The founders of the greatest American companies (at least as measured by their stock-market caps) are Bill Gates of Microsoft, Jensen Huang of Nvidia, Elon Musk of Tesla and Space X, Mark Zuckerberg of Meta (Facebook), the late Steve Jobs of Apple, Sergey Brin of Alphabet (Google) and Jeff Bezos of Amazon.
All seven share one of two things in common: Six went to top U.S. universities (Harvard for Gates and Zuckerberg; Stanford for Huang and Brin; Princeton for Bezos; and Pennsylvania for Musk) and five either themselves are immigrants (Musk, Huang, and Brin) or they are first-generation immigrants (Jobs’s father was a Syrian immigrant and Bezos’s adoptive father was a Cuban immigrant).

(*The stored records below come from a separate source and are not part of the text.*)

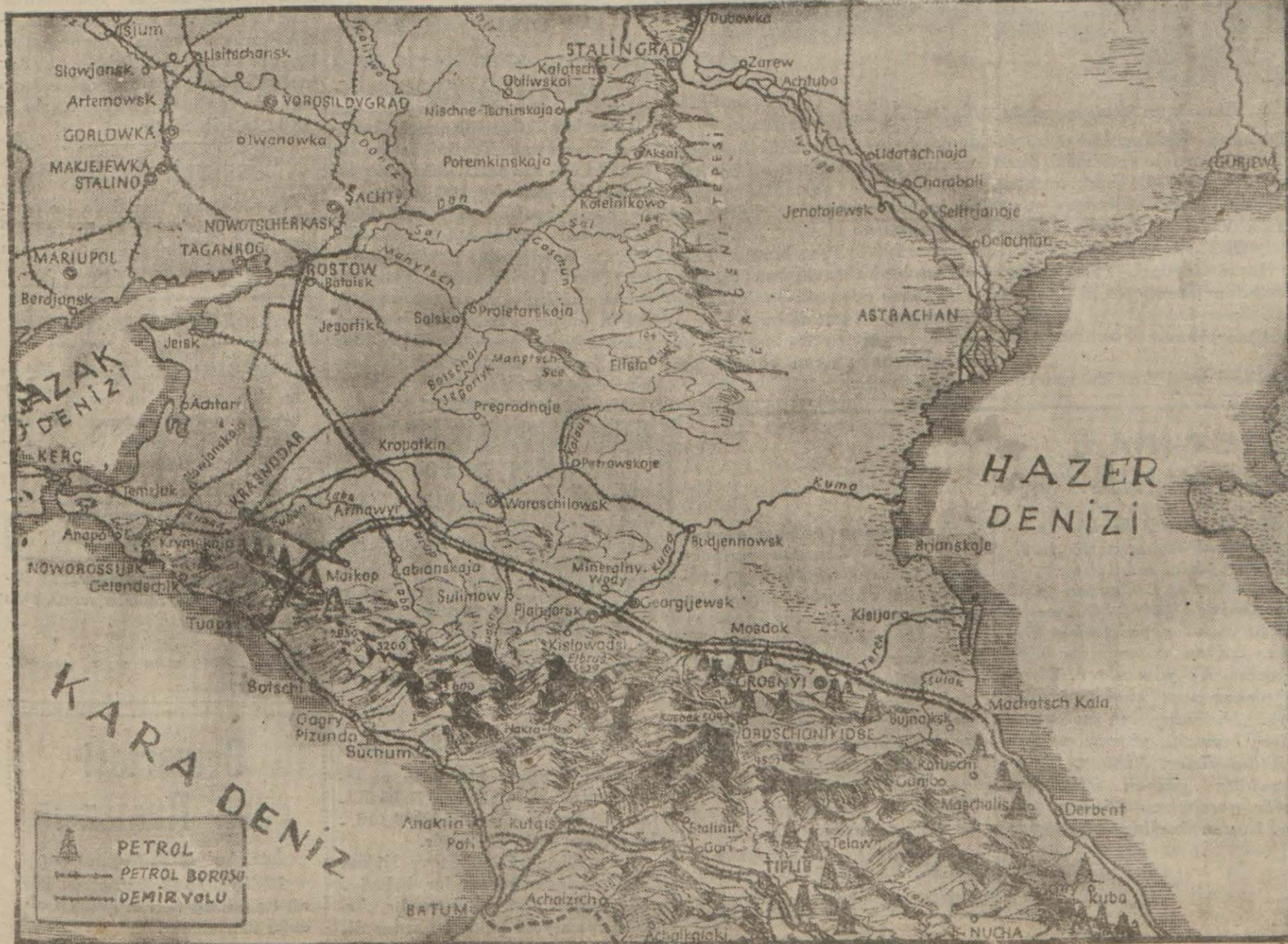
Şark cephesinin cenub kısmını bütün tafsilâtile gösterir kabartma bir harite

Gece Umumi Müfettiş tarafından dan şereflere bir ziyafet verilmiştir. Başvekilimiz yarın Başkaleye hareket edeceklerdir. Münakalât Vekili Malatyada Malatya, 7 (A.A.) — Münakalât Vekili Amiral Fahri Engin, dün şehrimize gelmiş ve başta vali olmak üzere, vilâyet ve Parti erkânı tarafından karşılanmıştır. Münakalât Vekili, resmi ziyaretlerden sonra bez fabrikası ile demiryolları işletmeye tesislerini (Devamı 5 inci sayfa)
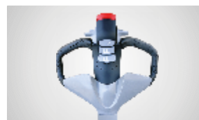
Figura 1 - Timão
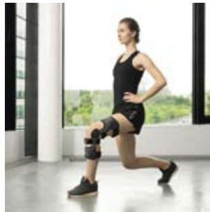
BALANCE AB PHASE 3
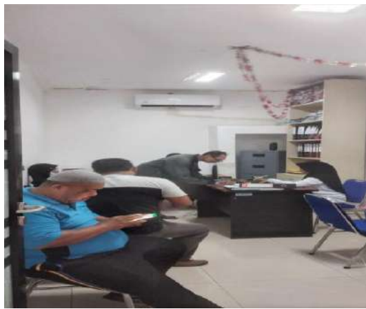
Kegiatan Pelayanan Pengajuan Waris dan Surat Keterangan Lainnya pada seksi Pemerintahan di Kecamatan Patrang
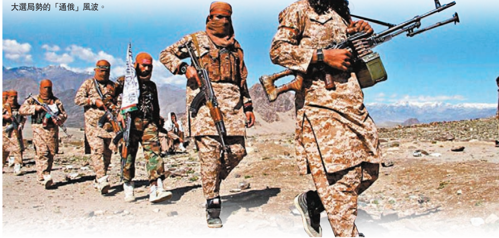
■ 俄羅斯軍情部門被指曾向塔利班有聯繫的銀行賬戶轉入大筆金額。圖為塔利班分子。

俄羅斯被指曾向阿富汗塔利班懸紅殺死美國軍人一事，繼續在美國政界發酵，白宮6月30日一度改口承認，總統特朗普的確曾閱讀過相關情報，甚至稱總統是「地球上知得最多的人」；民主黨議員6月30日就事件在白宮聽取報告後，指出特朗普一定知悉俄羅斯有嫌疑，卻沒有採取任何行動回應。事件令特朗普對俄態度再次引發爭議，有機會成為另一場左右大選局勢的「通俄」風波。
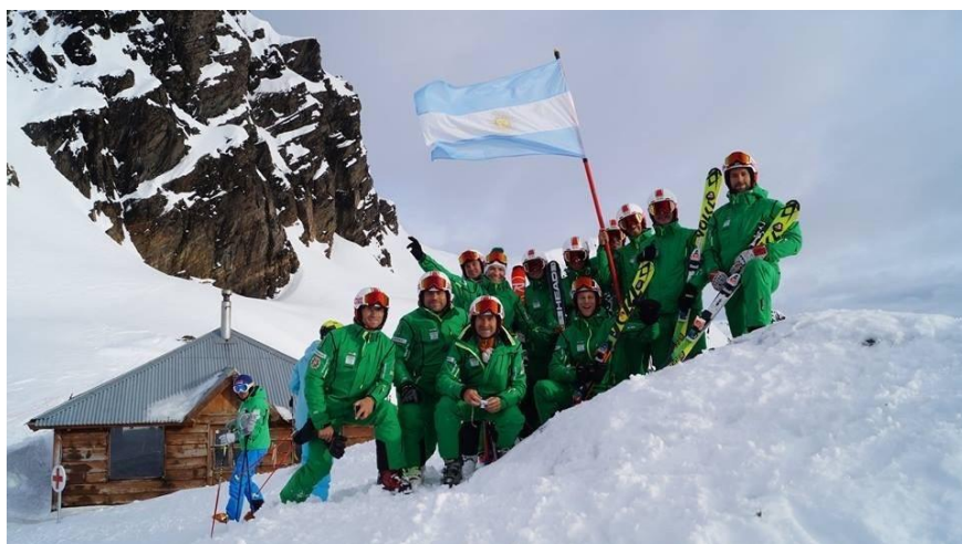
Magyar delegáció tagjai a csúcson
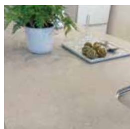
シーザーストーン天板
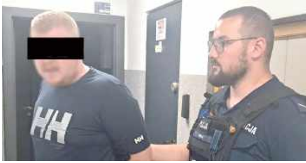
Zatrzymanym okazał się 28-letni mieszkaniec Poniatowej. Badanie wykazało, że miał w organizmie blisko 2 promile alkoholu
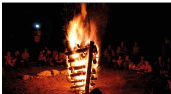
Zaključni ogenj. | FOTO: Rok Pandel

This is nothing new. America always has relied upon its immigrants and its universities to lead the way for American supremacy. This was especially true during WWII when the U.S. developed the atomic bomb thanks to a team of scientists (most of whom were foreign-born and working at the University of Chicago) that was led by physicist Robert Oppenheimer. Oppenheimer would have made the above list for two reasons: He was both Harvard-educated and the son of a German immigrant.
According to the Nobel Prize website, since 1901, there have been 148 prize recipients who were foreign-born individuals who either had immigrated permanently to the United States or were at a U.S. institution of higher learning at the time they received the award. These 148 individuals account for 16 percent of all Nobel Laureates.
Yet it is precisely these two great pillars of America’s historic economic and technological strength — our world-renowned universities and our immigrants — that are on the verge of being destroyed. By attacking the former, we are discouraging the latter from coming to America.
The smartest and hardest-working individuals from across the globe — who always have viewed America as the foremost country in the world where they could develop their ideas at the world’s greatest scientific research institutions — are either leaving or not coming because the welcome mat has been pulled from our doorstep.
Nations in Europe and Asia, whose leaders are mystified by our sudden ignorance and xenophobia, are rushing to fill the vacuum by offering grants and opportunities to world-class scientists that previously had been monopolized by the United States.
We are entering the equivalent of the Dark Ages — and for the first time ever in our history, the United States is now facing the prospect of a brain drain, as opposed to being the beneficiary of a brain gain.